Collection entries:
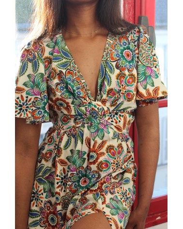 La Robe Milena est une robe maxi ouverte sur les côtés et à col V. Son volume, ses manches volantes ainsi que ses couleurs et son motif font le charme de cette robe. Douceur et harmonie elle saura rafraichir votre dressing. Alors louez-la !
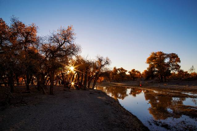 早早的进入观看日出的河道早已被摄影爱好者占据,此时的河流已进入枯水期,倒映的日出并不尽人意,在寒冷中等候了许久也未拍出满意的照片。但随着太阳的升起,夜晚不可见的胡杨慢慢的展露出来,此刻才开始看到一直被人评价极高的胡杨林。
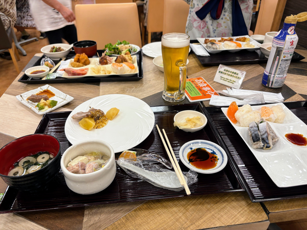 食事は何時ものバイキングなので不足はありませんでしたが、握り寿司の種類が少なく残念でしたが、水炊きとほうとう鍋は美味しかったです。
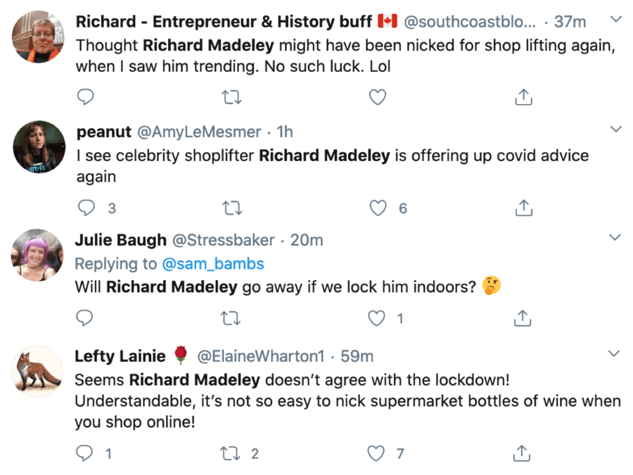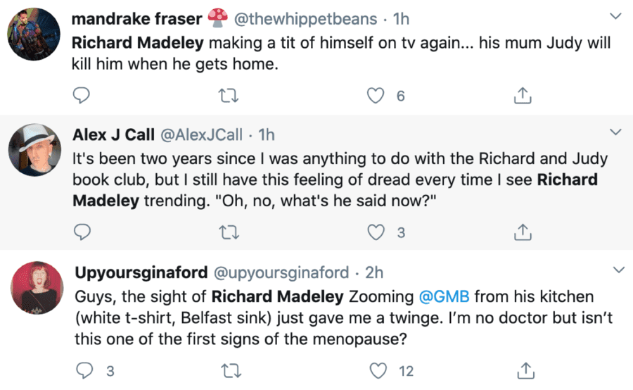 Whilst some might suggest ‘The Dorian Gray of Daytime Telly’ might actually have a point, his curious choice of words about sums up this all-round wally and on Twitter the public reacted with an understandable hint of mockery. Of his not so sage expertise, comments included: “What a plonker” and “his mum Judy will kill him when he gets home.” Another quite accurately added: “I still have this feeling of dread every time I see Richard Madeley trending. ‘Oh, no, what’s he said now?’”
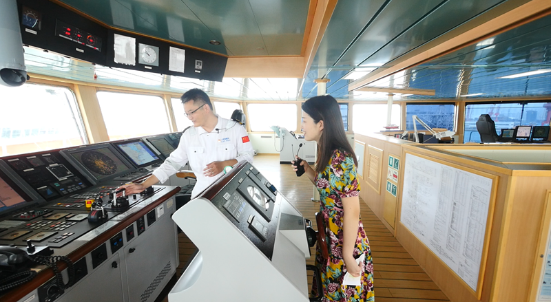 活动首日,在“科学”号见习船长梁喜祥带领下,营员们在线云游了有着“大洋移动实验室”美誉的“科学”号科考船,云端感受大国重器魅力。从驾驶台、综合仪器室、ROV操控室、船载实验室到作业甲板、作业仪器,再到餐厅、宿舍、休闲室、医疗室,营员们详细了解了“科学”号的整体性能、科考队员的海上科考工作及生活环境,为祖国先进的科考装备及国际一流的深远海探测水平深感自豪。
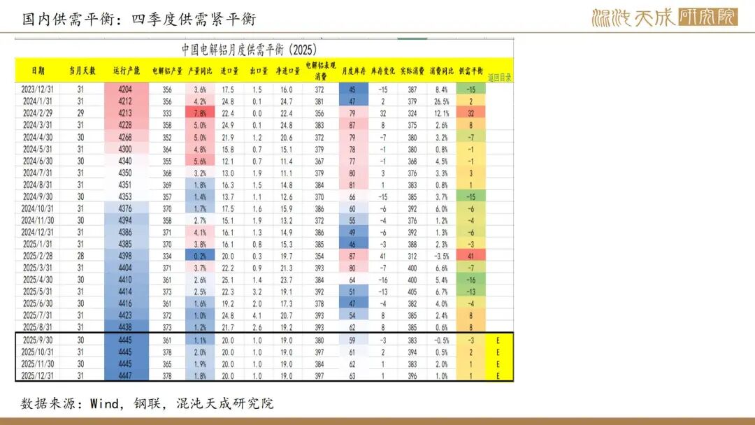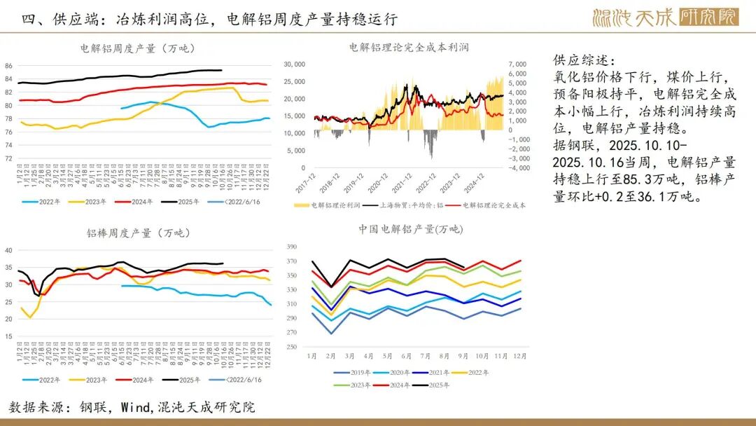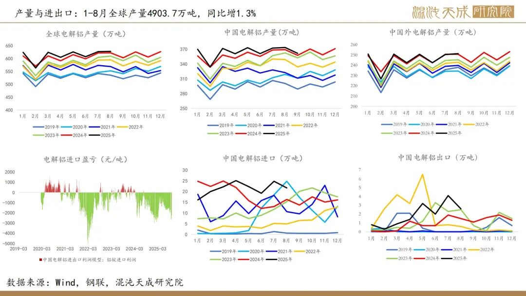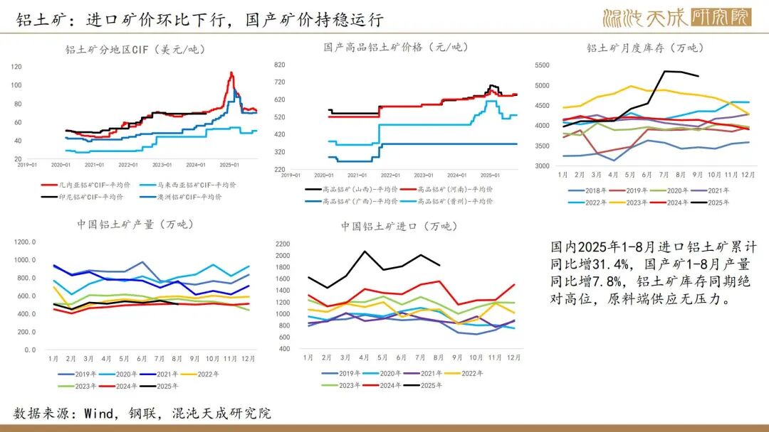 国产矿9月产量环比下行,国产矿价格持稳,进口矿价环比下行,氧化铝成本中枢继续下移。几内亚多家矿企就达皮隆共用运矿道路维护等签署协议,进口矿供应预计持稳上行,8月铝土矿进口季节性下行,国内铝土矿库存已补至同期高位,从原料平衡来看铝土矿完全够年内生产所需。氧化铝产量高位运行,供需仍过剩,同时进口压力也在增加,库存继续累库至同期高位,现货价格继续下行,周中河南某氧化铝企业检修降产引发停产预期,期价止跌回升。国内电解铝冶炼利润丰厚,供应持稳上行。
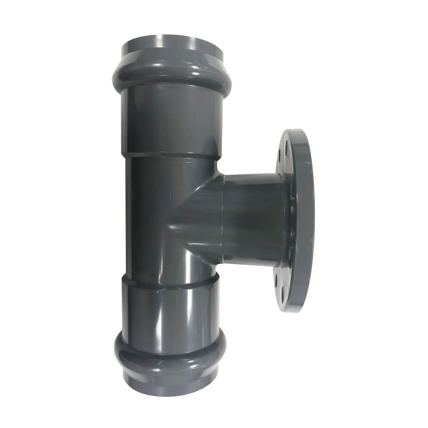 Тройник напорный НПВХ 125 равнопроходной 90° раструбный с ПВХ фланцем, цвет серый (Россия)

WHAT IS NEEDED: Your task is to restate word for word the lines from the top of the data to the line containing "Whilst some might", both ends included, with every picture left out.

ANSWER TO THIS TASK:
 La Robe Milena est une robe maxi ouverte sur les côtés et à col V. Son volume, ses manches volantes ainsi que ses couleurs et son motif font le charme de cette robe. Douceur et harmonie elle saura rafraichir votre dressing. Alors louez-la !
 早早的进入观看日出的河道早已被摄影爱好者占据,此时的河流已进入枯水期,倒映的日出并不尽人意,在寒冷中等候了许久也未拍出满意的照片。但随着太阳的升起,夜晚不可见的胡杨慢慢的展露出来,此刻才开始看到一直被人评价极高的胡杨林。
 食事は何時ものバイキングなので不足はありませんでしたが、握り寿司の種類が少なく残念でしたが、水炊きとほうとう鍋は美味しかったです。
 Whilst some might suggest ‘The Dorian Gray of Daytime Telly’ might actually have a point, his curious choice of words about sums up this all-round wally and on Twitter the public reacted with an understandable hint of mockery. Of his not so sage expertise, comments included: “What a plonker” and “his mum Judy will kill him when he gets home.” Another quite accurately added: “I still have this feeling of dread every time I see Richard Madeley trending. ‘Oh, no, what’s he said now?’”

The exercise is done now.